13 Stressful Jobs That Lead to Burnout Nurse. The median salary for registered nurses in the U.S. is under $80,000. ... Teacher. ... Construction...

Read More »

KMeans Clustering for Classification

Background

Clustering as a method of finding subgroups within observations is used widely in applications like market segmentation wherein we try and find some structure in the data. Although an unsupervised machine learning technique, the clusters can be used as features in a supervised machine learning model. Clustering is a type of unsupervised machine learning which aims to find homogeneous subgroups such that objects in the same group (clusters) are more similar to each other than the others. KMeans is a clustering algorithm which divides observations into k clusters. Since we can dictate the amount of clusters, it can be easily used in classification where we divide data into clusters which can be equal to or more than the number of classes.

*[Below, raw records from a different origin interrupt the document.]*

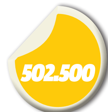
Estimativa do número de migrantes que chegaram ao território grego

Nas mesmas declarações em Genebra, a porta-voz do Acnur lembrou que os refugiados "não são migrantes", uma vez que são pessoas que foram obrigadas a fugir dos respectivos países, onde suas vidas correm perigo, definição prevista no Direito Internacional. "Os sírios, os iraquianos e os eritreus são incontestavelmente refugiados", frisou ainda Melissa Fleming, lamentando que os dois termos, migrantes e refugiados, sejam muitas vezes utilizados como sinônimos, o que não é correto.
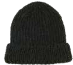
Matthis p. 97
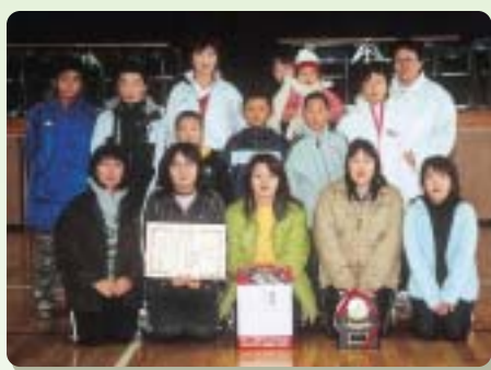
女子の部優勝「船橋」チーム

昨年12月11日、第1回潟上市綱引大会が、潟上市昭和体育館を会場に行われました。
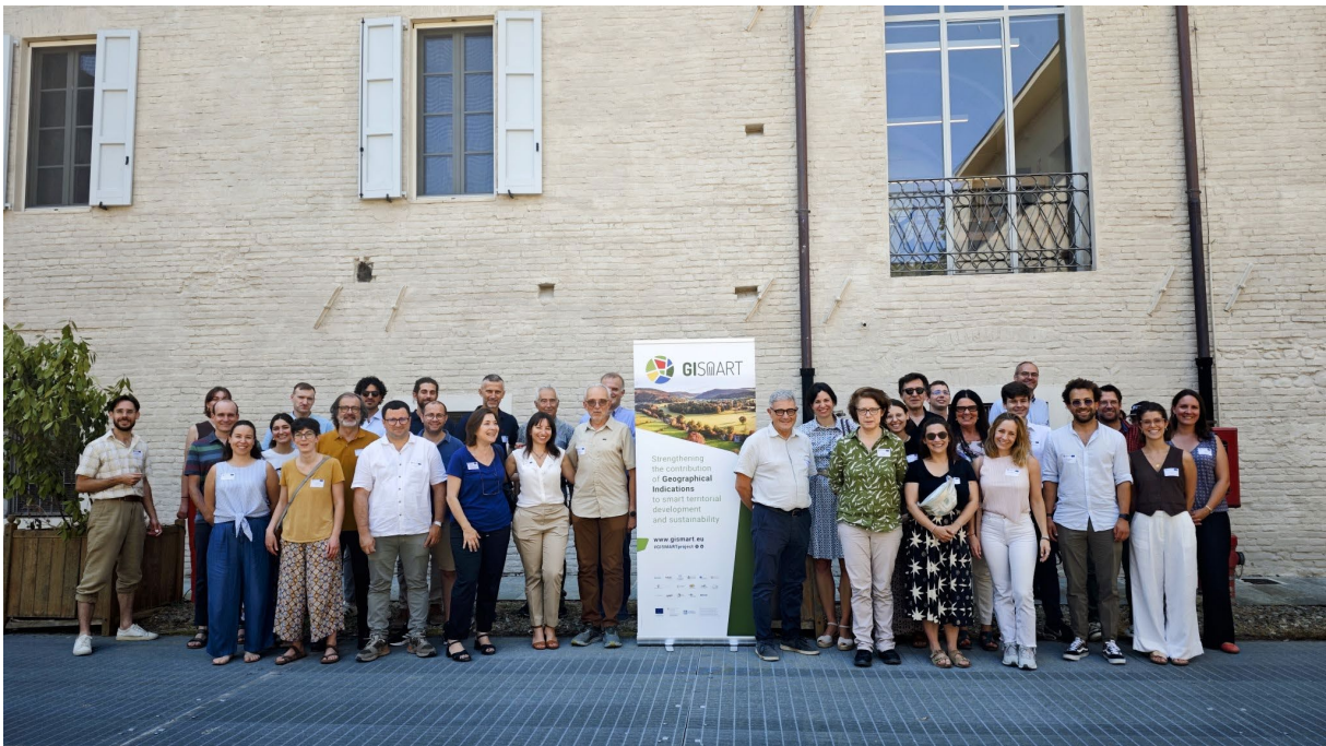
Συνάντηση της κοινοπραξίας GI SMART στην Πάρμα, Ιούλιος 2025

γεωγραφικών ενδείξεων (ΓΕ) στην αειφόρο ανάπτυξη των αγροτικών περιοχών και στους στόχους της στρατηγικής « από το αγρόκτημα στο τραπέζι ». Συντονίζεται από το INRAE και περιλαμβάνει 17 εταιρίες από 10 χώρες, μεταξύ των οποίων πανεπιστήμια, ΜΚΟ και οργανώσεις που δραστηριοποιούνται στον τομέα των ΓΕ.
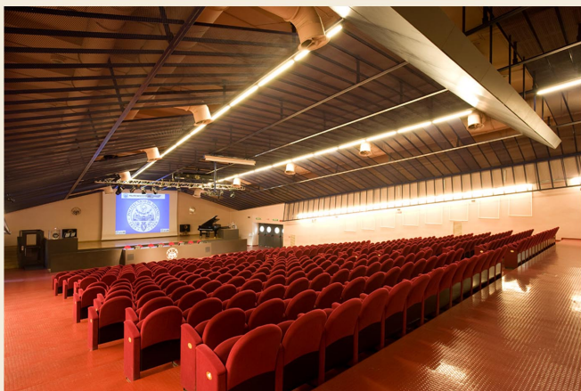
Un'immagine dell' Aula Magna "Giovanni Agnelli" del Politecnico di Torino, sede di svolgimento della Cerimonia di Premiazione.

Il tema della Etica e Tecnologie dell'Informazione e della Comunicazione è sempre più di attualità nella società dell'informazione e della conoscenza. L'evoluzione rapida e continua delle tecnologie digitali, la loro pervasività in tutte le attività dell'uomo e la criticità crescente dei servizi offerti rendono sempre più importante che gli operatori del settore abbiano piena coscienza delle implicazioni etiche delle loro scelte e decisioni. D'altro canto, la scuola e le associazioni professionali sono chiamate ad occuparsi di questi problemi. L'incontro dibatterà queste tematiche e presenterà i vincitori della quarta edizione del concorso ETIC promosso da Rotary International e AICA, con il patrocinio della Fondazione della Conferenza dei Rettori delle Università Italiane (CRUI), per premiare tesi di laurea o di dottorato di ricerca sviluppate nell'ambito dell'etica.

I’ll be using the MNIST dataset which comes with scikit learn which is a collection of labelled handwritten digits and use KMeans to find clusters within the dataset and test how good it is as a feature.

Implementation

I have created a class named clust for this purpose which when initialized takes in a sklearn dataset and divides it into train and test dataset. The function KMeans applies KMeans clustering to the train data with the number of classes as the number of clusters to be made and creates labels both for train and test data. The parameter output controls how do we want to use these new labels, ‘add’ will add the labels as a feature in the dataset and ‘replace’ will use the labels instead of the train and test dataset to train our classification model.

Results

In the first attempt only clusters found by KMeans are used to train a classification model. These clusters alone give a decent model with an accuracy of 78.33%. Let’s compare it with an out of the box Logistic Regression model. In this case I am only using the features (greyscale intensity values) to train a Logistic Regression model. It results in a much better model with an accuracy of 95.37%. Let’s add the clusters as a feature(column) and train the same Logistic Regression model. In our final iteration we are using the clusters as features, the results show an improvement over our previous model.

TakeAway

Clustering apart from being an unsupervised machine learning can also be used to create clusters as features to improve classification models. On their own they aren’t enough for classification as the results show. But when used as features they improve model accuracy. You can use the class I created to tweak and test different models, for eg test a Random Forest Classifier and share something I didn’t find in the comments.

Who started marketing?
Who started marketing?

One of the first theorists to consider the stages in the development of marketing thought was Robert Bartels, who in The History of Marketing...

Read More »
Is TikTok banned in the US?
Is TikTok banned in the US?

Oklahoma is one of several U.S. states that have passed TikTok bans. At least 14 states have restricted the use of TikTok on government devices,...

Read More »

How can I make $500 over night?
How can I make $500 over night?

18+ Ways to Make $500 Fast Sell Your Stuff. Rent Out Space on Airbnb. Rent Out Your Parking Space. Rent Out Your Storage Areas. Make Money Doing...

Read More »
What is the 5% retirement rule?
What is the 5% retirement rule?

The sustainable withdrawal rate is the estimated percentage of savings you're able to withdraw each year throughout retirement without running out...

Read More »
Is it better to have a Facebook page or profile?
Is it better to have a Facebook page or profile?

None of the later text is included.